Of the many problems our feet will face, lego is the worst. (Is it lego or legos? What’s the plural of lego? Legi? Legon? Kenny Loggins? I feel like this is turning into a Brian Regan routine. Can we get a ruling on that one?)
I personally don’t need that prayer. I never step barefoot on legos. I step on them, all the time, but now that we live in Nashville I wear cowboy boots. Non stop. I don’t take them off. In the shower, in the pool, in our house, you can take my cowboy boots when you pry them from my cold, sweaty feet. (Even in death I will probably find a way to be too sweaty.)
I’m like a foot version of Tobias, in Arrested Development. I’m not a never nude, I’m a “never de-shoed.” We have rights you know. And lefts, both are covered in boots.
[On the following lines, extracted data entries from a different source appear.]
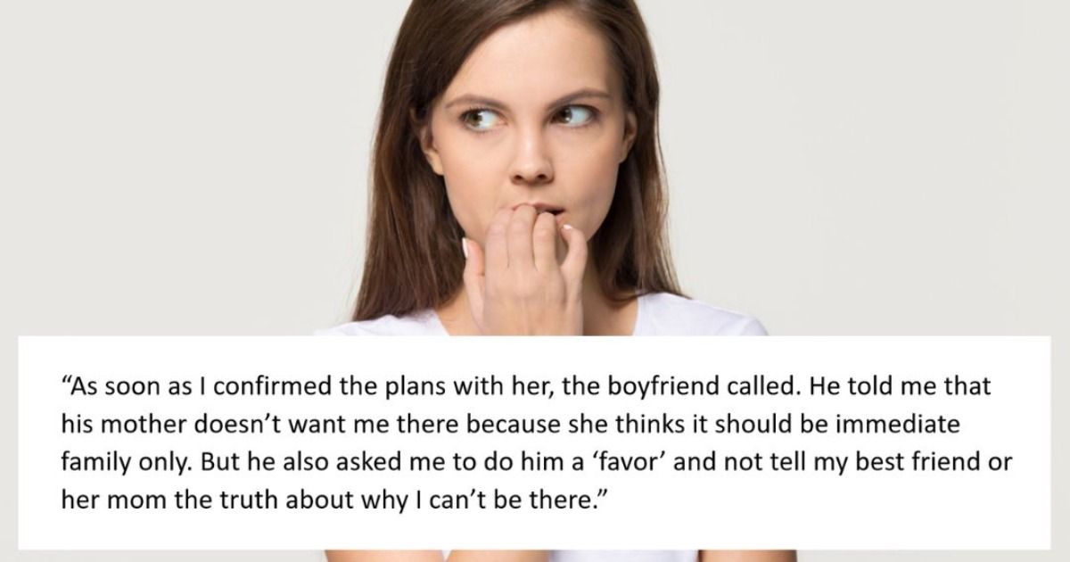 #39 My best friend #39 s boyfriend #39 s mom doesn #39 t want me at the proposal and I
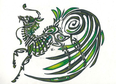 I give this a 10. The water was done perfectly and the green to me represents the grass growing up the lightness of the sun on the head of the horse. Great job!
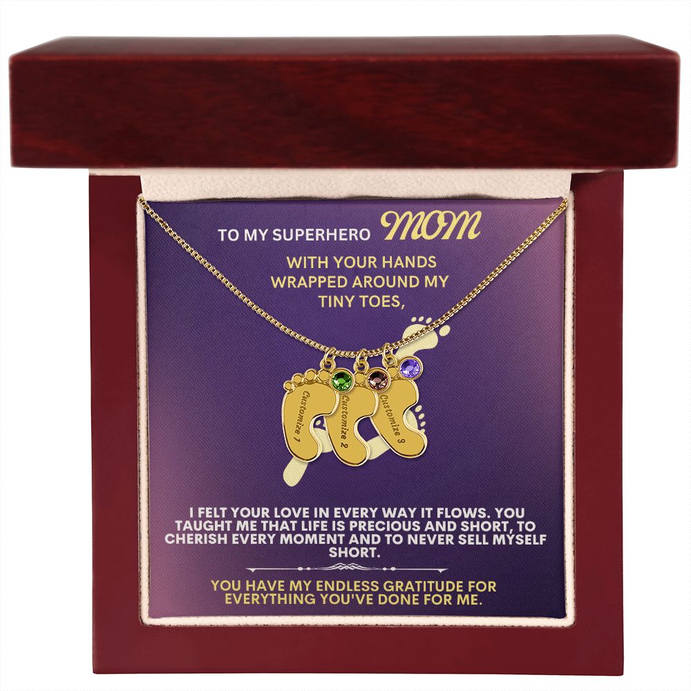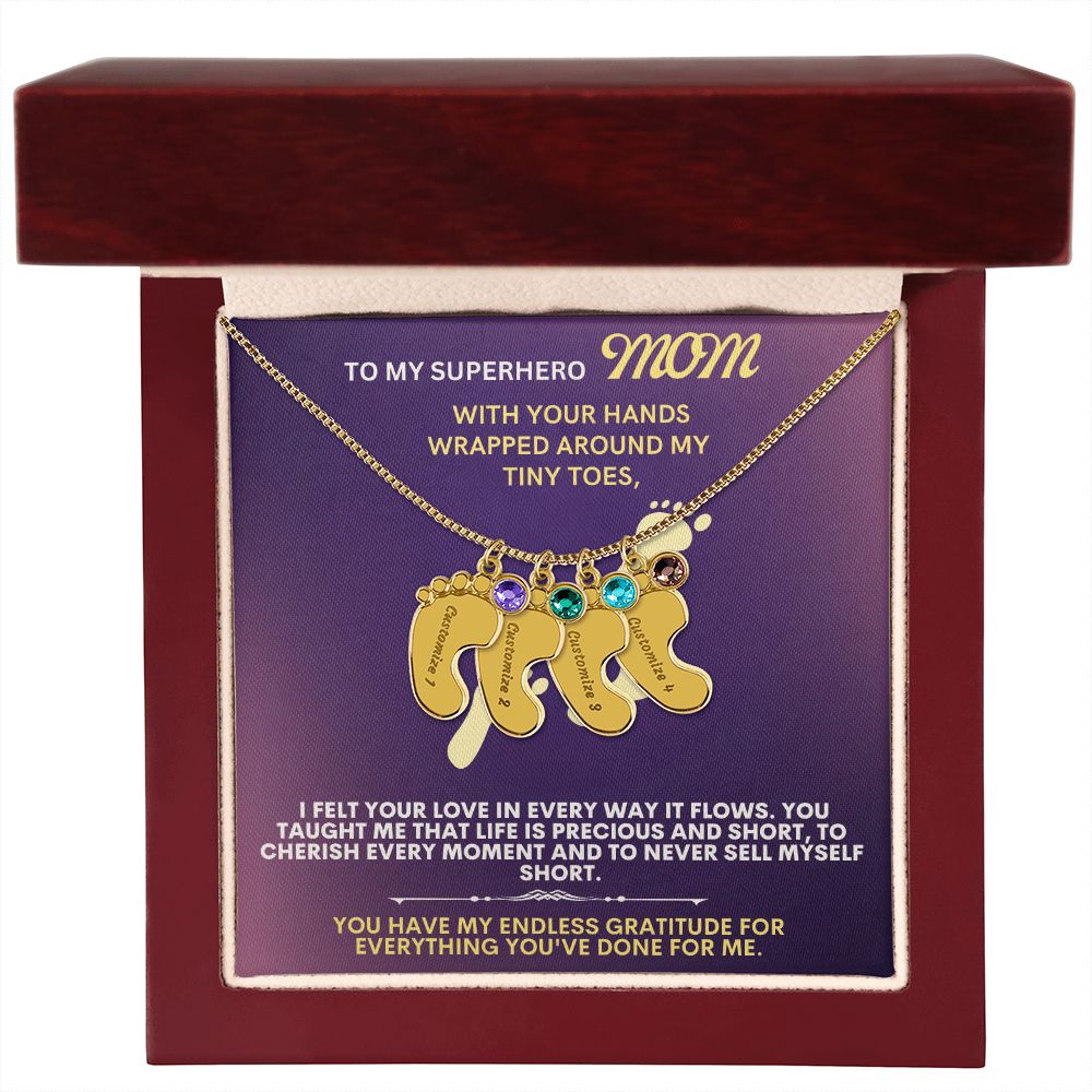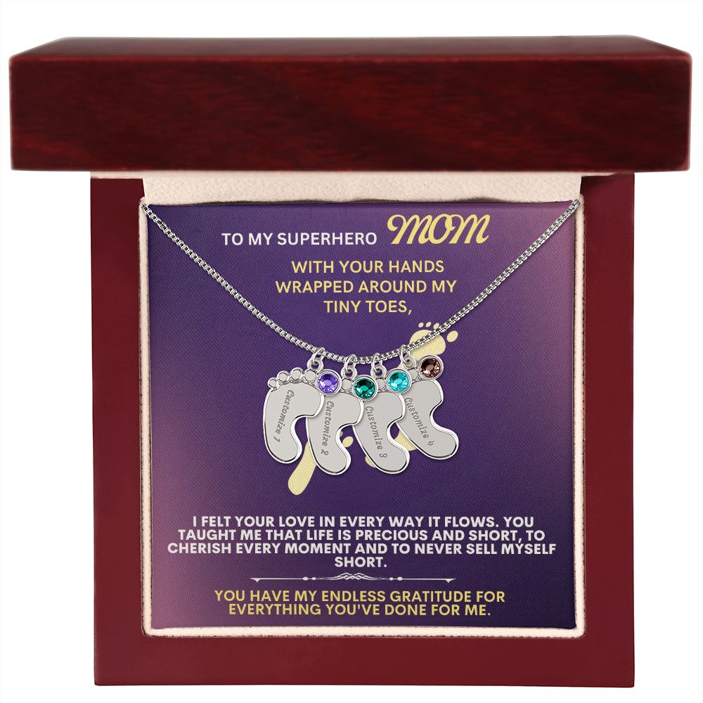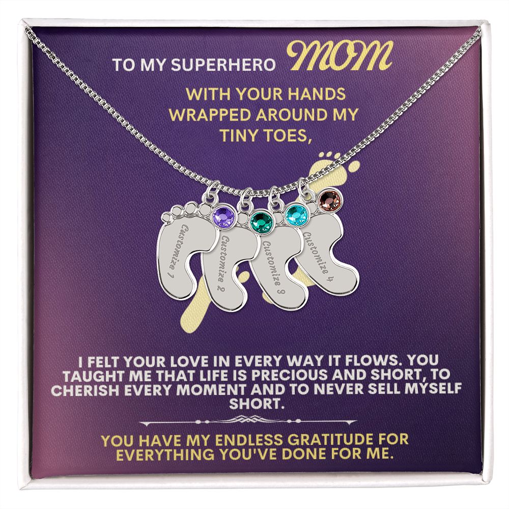 Celebrate the arrival of a newborn or cherish a precious memory with our Custom Baby Feet Necklace with Birthstone. Personalize your gift by engraving a name of your choice onto the pendant and choosing a crystal that correlates with the baby's birth month. And by picking multiple pendants, a custom present like this is perfect for moms and grandmothers with big families. This is a one-of-a-kind keepsake that will be treasured for a lifetime!
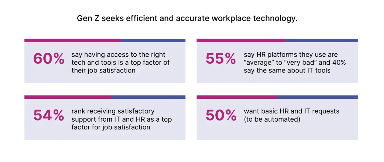 The message to organizations is clear: keeping up with these demands is imperative, as failure to provide the right technology may lead to the departure of the future workforce, emphasizing the essential role of AI for employee engagement and AI for process automation.
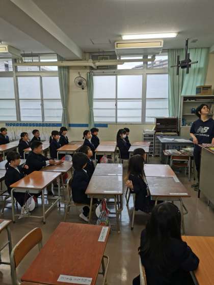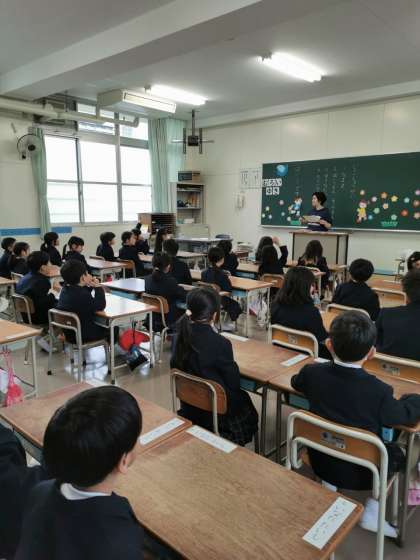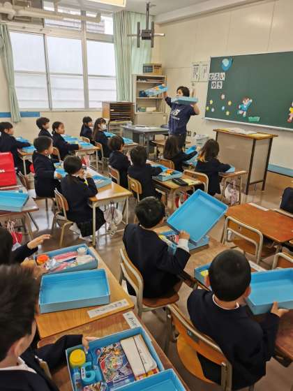 登校してからお道具箱へのしまい方を確認しています。また、お返事など日頃の生活のルールのお話を聞いています。
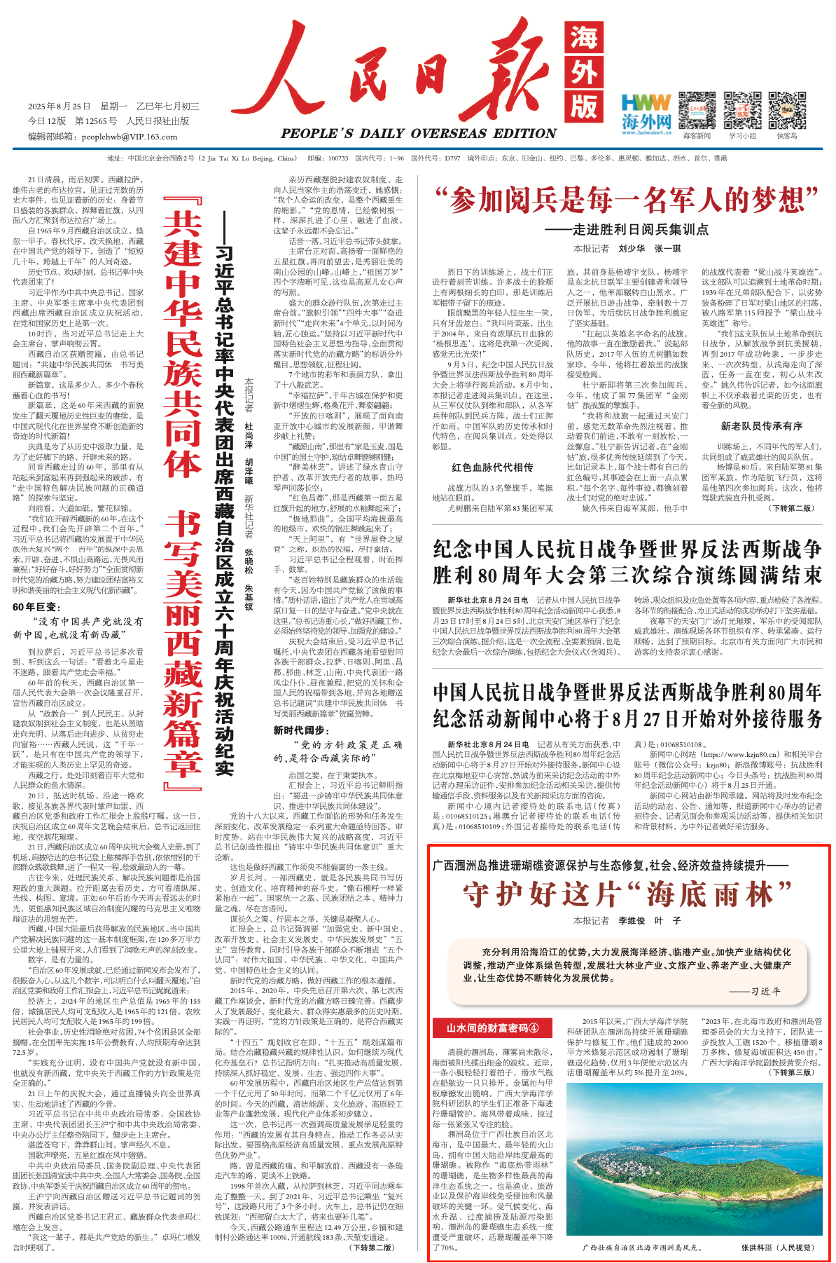 《人民日报海外版》(2025年8月25日第1版)

My prayer would be different than what the church asked for. My prayer would be “Lord, please heal the selective blindness that befalls my children whenever they use the stairs in our house.” I swear, the rest of the day their eyesight is amazing. They see everything! Baby birds, quarters on the side walk, there is nothing that misses their attention. Until they take the stairs up to their bedroom.
At that point, they are suddenly struck blind, incapable of seeing all of the things my wife and I have stacked on the stairs for them to carry up to their room. Clothes they need to put away, toys that should be back upstairs, pony tail holders? They can’t see anything. The size and brightness isn’t a factor either, as I have witnessed them deliberately take wide steps over some very bright My Little Pony obstacles.
The hardest part of this dilemma is that my wife Jenny swears it’s hereditary. She says they got it from me. She has talked to me about this problem many times during our 13 years of marriage. She has ample evidence. Pretty sure she once wrote me a note about it. Unfortunately she left it on the stairs and I never saw it.
Question:
Does anyone you know have stair blindness too?